Autore: CNBC-TV18 Markets·

Punti chiave

  • La rupia indiana ha aperto a 95,59 contro il dollaro USA il 30 luglio 2026, sostenuta dall'intervento della RBI sul mercato valutario e dall'ultima decisione di politica della Federal Reserve.
  • L'attuale livello di cambio rappresenta un significativo deprezzamento di lungo periodo per la rupia, determinato dall'allargamento del deficit commerciale e dai più ampi mutamenti dell'economia globale.
  • L'India importa più dell'80% del proprio fabbisogno di petrolio greggio, rendendo la rupia particolarmente vulnerabile all'aumento dei prezzi internazionali del petrolio che allarga il deficit delle partite correnti.
  • Una Federal Reserve accomodante tipicamente supporta le valute dei mercati emergenti aumentando l'attrattiva degli asset a più alto rendimento, mentre una postura restrittiva rafforza il dollaro e mette sotto pressione valute come la rupia.
  • I tassi di interesse relativamente più elevati dell'India rispetto ai mercati sviluppati hanno storicamente attratto investimenti di portafoglio esteri, offrendo un parziale cuscinetto contro il deprezzamento valutario.
  • L'India detiene uno dei maggiori buffer di riserve valutarie al mondo, conferendo alla RBI un'ampia capacità di frenare l'eccessiva volatilità della rupia tramite operazioni sul mercato a pronti e su quello dei derivati.
La rupia indiana apre più forte a 95,59 contro il dollaro USA in seguito alla decisione della Federal Reserve

La rupia indiana ha aperto a 95,59 contro il dollaro USA il 30 luglio 2026, rafforzandosi dopo l'ultima decisione di politica monetaria della Federal Reserve USA. Il livello di apertura della valuta ha riflesso il supporto dell'intervento della Reserve Bank of India (RBI) sui mercati valutari. L'India detiene uno dei maggiori buffer di riserve valutarie al mondo, il che fornisce alla banca centrale un'ampia capacità di intervenire durante i periodi di stress valutario.

Storicamente, la RBI è intervenuta sul mercato a pronti e su quello dei derivati per frenare l'eccessiva volatilità del tasso di cambio della rupia. Tali interventi comportano in genere l'acquisto o la vendita di dollari USA per attenuare le fluttuazioni più marcate. Il livello di 95,59 rappresenta un deprezzamento significativo rispetto ai livelli storici, riflettendo la tendenza di lungo periodo all'indebolimento della rupia rispetto al dollaro amid l'allargamento del deficit commerciale e i mutamenti dell'economia globale.

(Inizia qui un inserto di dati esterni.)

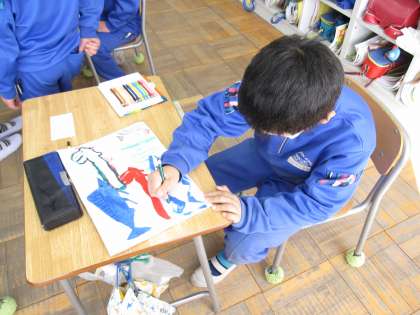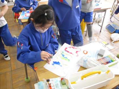 1月24日(月)授業風景〜6校時2年図工〜たのしくうつして(その2)
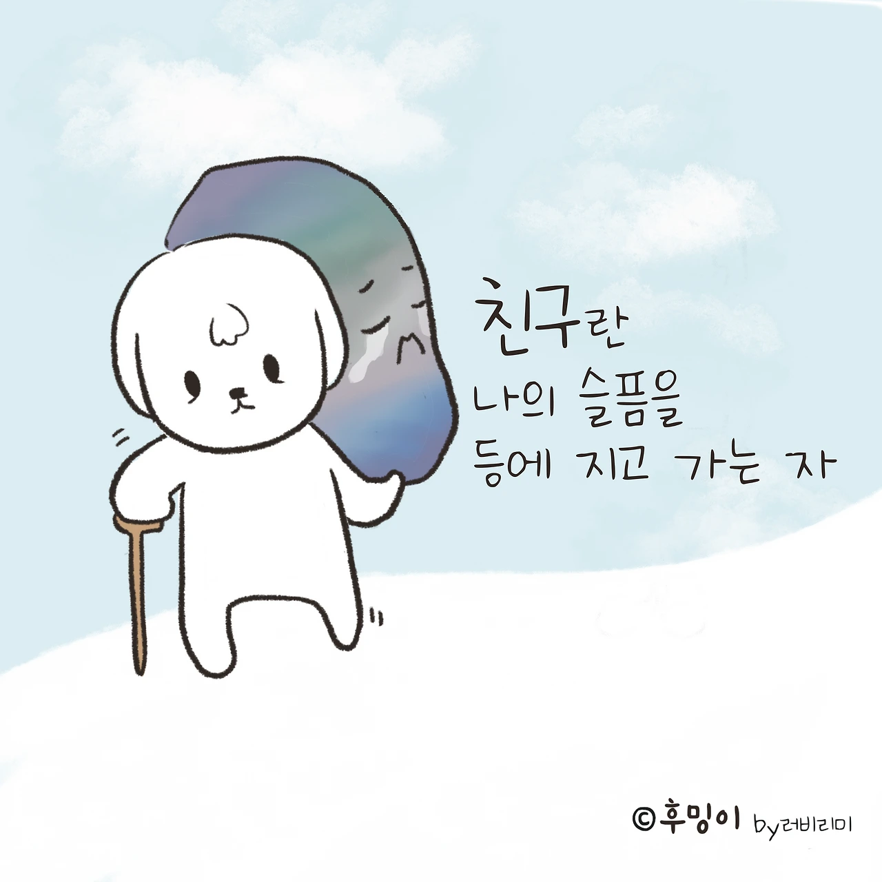 어릴적엔 아는 사람이 거의 친구였다면나이가 먹을수록아는 사람은 많아지는데진짜 친구라고 생각되는 사람은 상대적으로 줄어드는것 같다. 나이가 든다는게 이런걸까?ㅎㅎ그만큼 친구라고 생각하는 존재들이 더 소중하기도 하고더 잘해주지 못함이 미안하기도 하고.. 친구는 내 슬픔을 등에 잔뜩 지고 가는데나는 봉다리에 살짝 들고 가진 않는지 반성의 시간

Due fattori esterni chiave dovrebbero influenzare la traiettoria di breve termine della rupia: l'orientamento di politica monetaria della Federal Reserve USA e i prezzi globali del petrolio greggio. L'India importa più dell'80% del proprio fabbisogno di petrolio greggio, rendendo la rupia particolarmente sensibile alle fluttuazioni dei prezzi internazionali del petrolio. L'aumento dei prezzi del greggio tende ad allargare il deficit delle partite correnti dell'India e ad accrescere la domanda di dollari per i pagamenti petroliferi, esercitando una pressione al ribasso sulla valuta.

Le decisioni sui tassi di interesse della Federal Reserve influenzano i flussi di capitale verso i mercati emergenti, India inclusa. Un orientamento più accomodante della Fed generalmente supporta le valute dei mercati emergenti rendendo gli asset a più alto rendimento più attraenti per gli investitori globali, mentre una postura restrittiva può rafforzare il dollaro e mettere sotto pressione valute come la rupia. I tassi di interesse relativamente più elevati dell'India rispetto ai mercati sviluppati hanno tradizionalmente attratto investimenti di portafoglio esteri, che possono offrire una parziale compensazione alle pressioni di deprezzamento valutario.